Navroji's soft drinks business grew quickly. He was able to convince the British armed forces to permit him to sell his drinks in both Malaya and India. As a result, his drinks were sold across Malaya and the South-east Asian region. In 1931, he also opened G. H. Café, which offered the popular curry tiffin meals together with Phoenix Aerated Water's drinks.

==Philanthropy==
While being treated at the Singapore General Hospital, Navroji asked his doctor and close friend Professor Gordon Ransome about why sick children had to sleep along the corridors of the hospital. In reply, Professor Ransome jokingly asked that since he was rich, why don't he contribute money to build a paediatric ward? Having heard this, he presented a SGD$950,000 check to the hospital for the construction of a third-class hospital ward for non-paying patients, saying that

"I cannot bear to think of sick children, and their mothers lying on the floors of hospital wards...because of the shortage of space and funds".

Using these funds, the government built a $1,500,000 block that housed two 150-bed paediatric wards that were equipped with the latest medical equipment of the day.
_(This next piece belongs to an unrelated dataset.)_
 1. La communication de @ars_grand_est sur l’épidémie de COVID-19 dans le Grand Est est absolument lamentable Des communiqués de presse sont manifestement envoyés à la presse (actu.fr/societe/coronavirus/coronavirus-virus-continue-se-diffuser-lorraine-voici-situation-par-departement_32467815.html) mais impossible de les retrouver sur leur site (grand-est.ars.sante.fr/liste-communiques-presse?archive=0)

However, Navroji died before the hospital wing was completed in 1955. Thus, the wing, named "Mistri Wing", was opened by his brother Hormusji Mistri.
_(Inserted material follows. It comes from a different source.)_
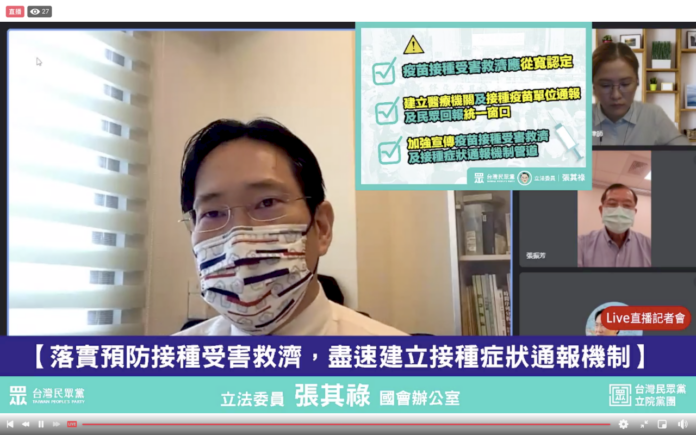 民眾黨立委張其祿24日舉辦「落實預防接種受害救濟,盡速建立接種症狀通報機制」記者會,他在會中指出,目前已有多起接種AZ疫苗後死亡案例,引發民眾恐慌。雖然衛福部訂有「預防接種受害救濟基金徵收及審議辦法」,但今年2月修改條文又在接種疫苗與健康危害認定「無關」的項目中,增定了「醫學證實未支持其關連性」文字,遭外界批評提升舉證困難度、補償看得到、吃不到。

Prior to this donation, Navroji had already donated SGD$50,000 to the University of Malaya to provide funds for the purchasing of equipment used in medical research and studies.

In his will, Navroji bequeathed half of his estate, worth SGD$1 million, to set up the Mistri Singapore Trust and the Mistri Bombay Trust. The beneficiaries of the Mistri Singapore Trust includes poor children, schoolchildren who faced financial difficulties and tuberculosis sufferers. The remainder of his estate was left to his family members, friends and former employees.

==Recognition==
For his role in sheltering homeless people during the Japanese Occupation of Singapore, the British King awarded Navroji the Order of the British Empire in 1946. The award was given under the name "Noel R. Mistri". In 1955, the British colonial government named a road "Mistri Road" in his honour. This road, located near Shenton Way, is one of several roads in the area that were named after Parsis. This was because the area used to be a burial ground for the Parsis in Singapore.

Mistri Wing, the paediatric ward which was built with Navroji's donations, was also named in his honour. The hospital wing still exists today at the Singapore General Hospital, though it now houses the National Heart Centre Singapore. It will soon be converted into a centre for diabetic care.